Having been sentenced to seven months in prison and one year of prohibition from visiting public offices on November 18, 2005, he appeared before the disciplinary section of the CSM on January 13, 2006 at the request of the prosecuting attorney of the supreme court of appeal.

He has appealed to the Aquila Court of Appeal against the decision of the lower court. He has just announced that he intends to take his appeal to the European Court of Justice.

This is not an isolated instance of religious repression: debate raged in Italy in 2003 about the obligatory presence of crucifixes in public school classrooms; and another controversy surrounds the case of the president of the Muslim union, who threw a crucifix out of a window at a public hospital when the hospital refused to remove it.
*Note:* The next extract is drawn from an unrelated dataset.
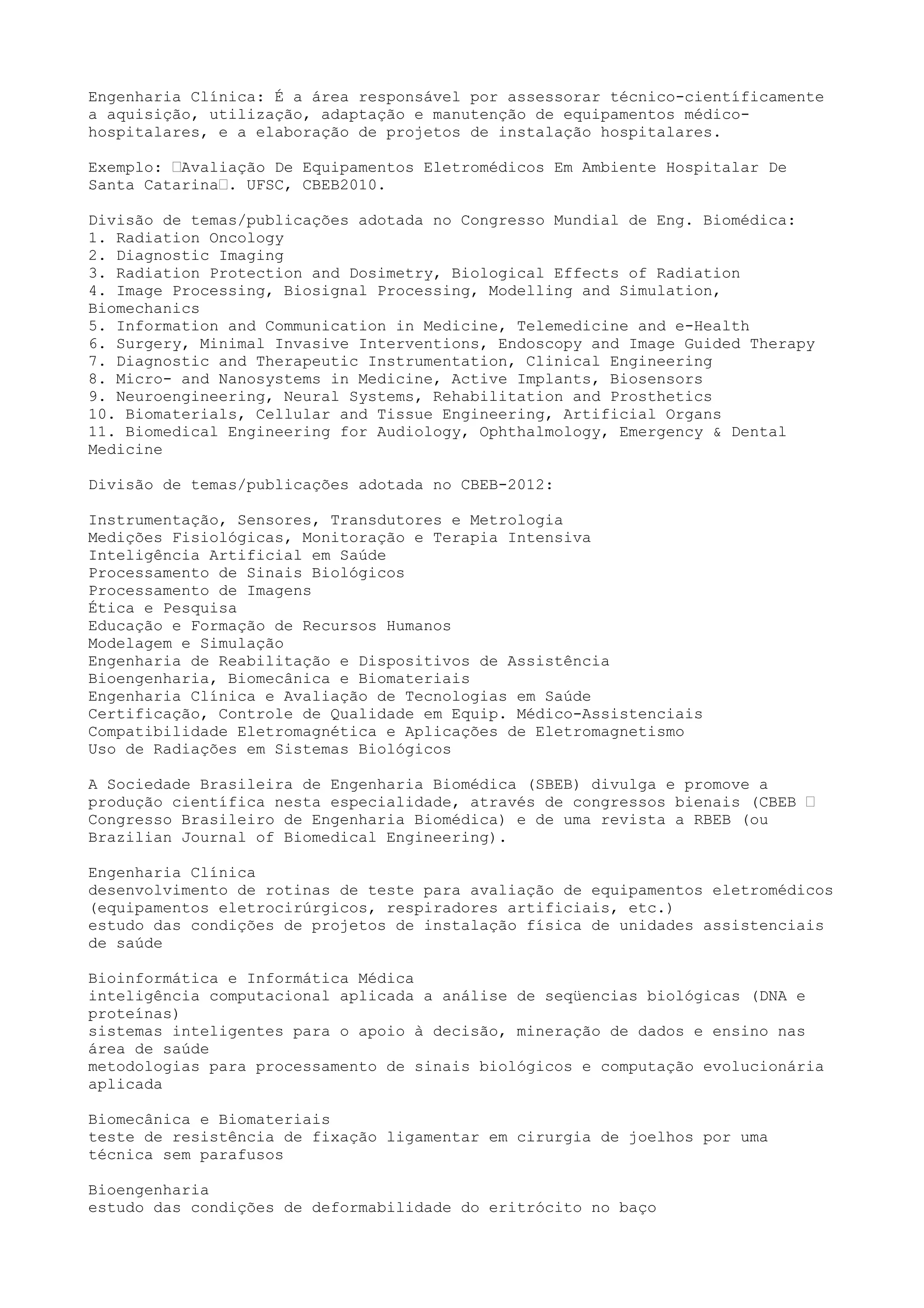 O documento discute engenharia clínica e biomédica, incluindo a avaliação de equipamentos médicos, instalações hospitalares e as divisões de temas em congressos. Também menciona associações como a ABIMO e ABIMED que representam a indústria médica no Brasil.
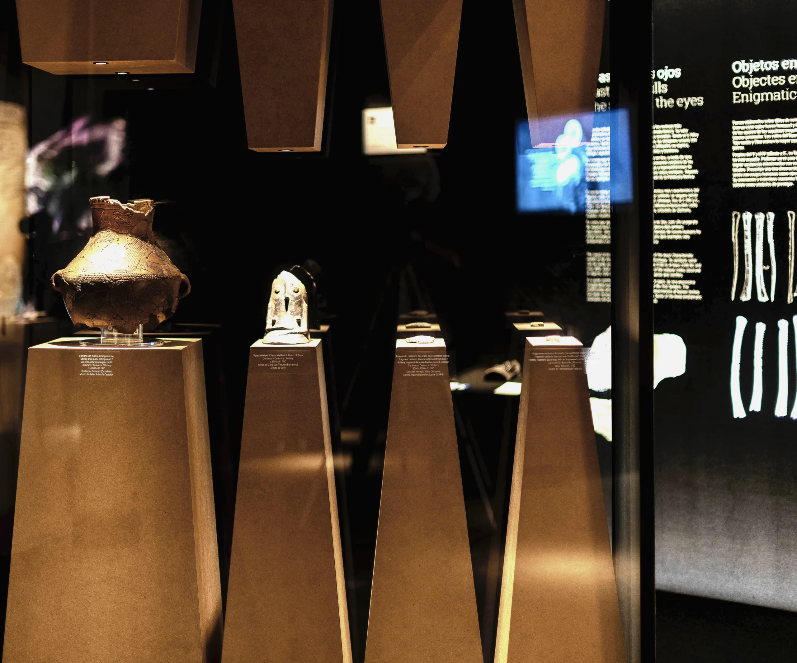 La primera de ellas habla de tipología, expone al visitante a situaciones tipológicas del ídolo en relación con el usuario y su cuerpo, y otras situaciones geográficas, en relación a la península ibérica. La segunda sala habla del lugar y del posible uso del ídolo. Expone al visitante situaciones de uso y lugar de hallazgo. La arquitectura museográfica narrativa habla del espacio de la vida, el espacio de la muerte, el poblado, el enterramiento, la vida cotidiana, lo ritual.

The general question for Italy is the imposition of the crucifix in all public places (schools, hospital, courts etc), provided for by laws or regulations dating back to the period of fascist rule, never challenged even by the Socialists when they renegotiated the concordat with the Roman Catholic church, and to which the pope Benedict XVI drew attention last August.

Summary (and decoding) of the conclusions presented on 13 January, 2006 by Judge Luigi Tosti in front of the disciplinary section of the CSM

Judge Luigi Tosti considers that the imposition of crucifixes in courtrooms is a serious transgression by the State of the Italian constitution, a transgression that seriously damages its constitutional laws and assaults its dignity. He does not intend to restrict his resistance and has gone on strike for as long as the presence of a religious symbol is imposed upon him.

It was suggested to him by the representatives of the State that as a magistrate (civil servant) its statutes applied to him and that he should resign if he could not accept sitting under the conditions imposed upon him, as with any Italian Judge. He completely refuses to consider such a resignation, considering that if the State is so sure of its position then it is for him to correct it.

He intends to oppose the order for his suspension, while taking advantage of the constitutional laws and contradictions in them that imprison the Italian State.